Posters are cautioned to avoid direct political comment. Statement of facts is OK, but be sure you can support them. There is a lot of exaggeration and misinformation floating around.


----------



## pappabee (Jun 22, 2010)

One of the things that we need to remember is that visits from NOB are down about 20% and much of that is caused by the rabid NOB Press trying to increase their numbers by reporting over and over the drug violence down here. 

Yes there is a lot of violence here and there is a lot of it NOB also. But according to the Guadulope Reporter there were only 31 break-ins in Jalisco in 2010. Even if there were an additional 31 that were not reported that makes only 62 in the entire year. Many NOB cities have that many in a month. 

In my talking to business men and women here in lakeside I have found that most of them say that their business is down from last year and that they are hurting. To a one they blame the NOB press and the NOB governments for the reduction in traffic. One told me that it only made good sense to try to keep the people at home so that they would spend their money there where the governments could get their share. (he didn’t put it quite that way but I’ve cleaned it up for this post). 

Is it safer to live here? Is it safer to live anywhere else? In life we are told that we must take the good with the bad. Yes there is bad here (just like everywhere else) but the good far outshines the bad.

We choose to live here because of all the beauty and joy we find here (both in the area and in the people). For those of you who were around for the hippy years there was a question that was asked many times. “where else would you rather live”. We have answered that very loudly. HERE!!!!!!!!!!


----------



## ReefHound (Aug 9, 2010)

Nonsense. First, the NOB press only reports a miniscule fraction of the violence that occurs in Mexico. That's why sites like Borderland Beat have developed a following, because the NOB press isn't interested unless there is something dramatic about an incident, i.e. involves a politician, involves mass casualties, is particularly cruel and heinous, etc. If it is dramatic the NOB press will report it whether it happens in Mexico, Iraq, or even the U.S.

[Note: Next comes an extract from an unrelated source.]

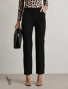 O modelo apresenta cintura média, bolsos funcionais, fechamento frontal com zíper e botão encapado, além de barra levemente italiana — um detalhe clássico que reforça seu acabamento de luxo.
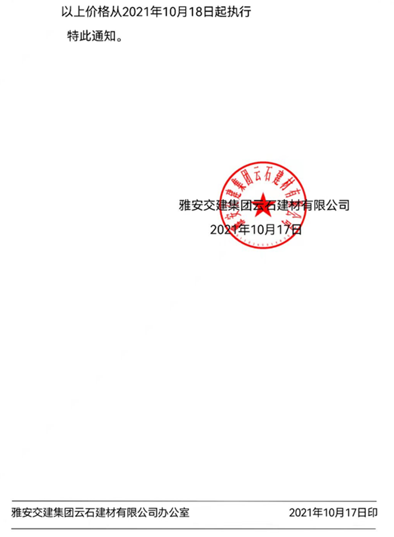 雅安交建集團(tuán)云石公司關(guān)于調(diào)整成品料銷售價(jià)格的通知(2021.10.17)

Second, it's mostly Mexicans who have cut back not Americans. Except for tourist destinations, tourists account for a tiny percentage of sales for most businesses. I'm not saying anything specifically about Ajijic or Chapal - maybe I just didn't realize what hot tourist destinations they were - but across Mexico in cities like Monterrey and SLP (not to mention border towns) the streets empty after dark. Night life, clubs, and restaurants close early if open at all. It's primarily Mexicans that are not spending and investing, and you can't blame that on the NOB press.

Everyone needs a scape goat, an easy target to blame, so go on blaming the evil NOB media if you must but for most Americans it's a trivial issue, a flip decision to go to Bahamas instead of Mexico, worth a few minutes of chat around the coffee bar to go along with chat about the SuperBowl or World Series. It's the Mexicans on the ground, who get their news word of mouth "en la calle" not the NOB press, who are most in fear and most withdrawn.


----------



## conorkilleen (Apr 28, 2010)

Its my personal belief that the only time Americans should be nervous about living/working/vacationing in Mexico is if the US send in troops to combat the violence. I doubt that will ever happen. The Mexican people are a hardy bunch and I doubt that this violence will last for ever. I was in the Monterrey's Mexican History Museum a few weeks ago on a visit and took a guided tour....believe me, whats happening now will also be in that museum soon enough....it will be history just like the rest.

I am moving to MTY next month with my fiance (Mexican) and our 2 children. Its a calculated risk, but its all for the good.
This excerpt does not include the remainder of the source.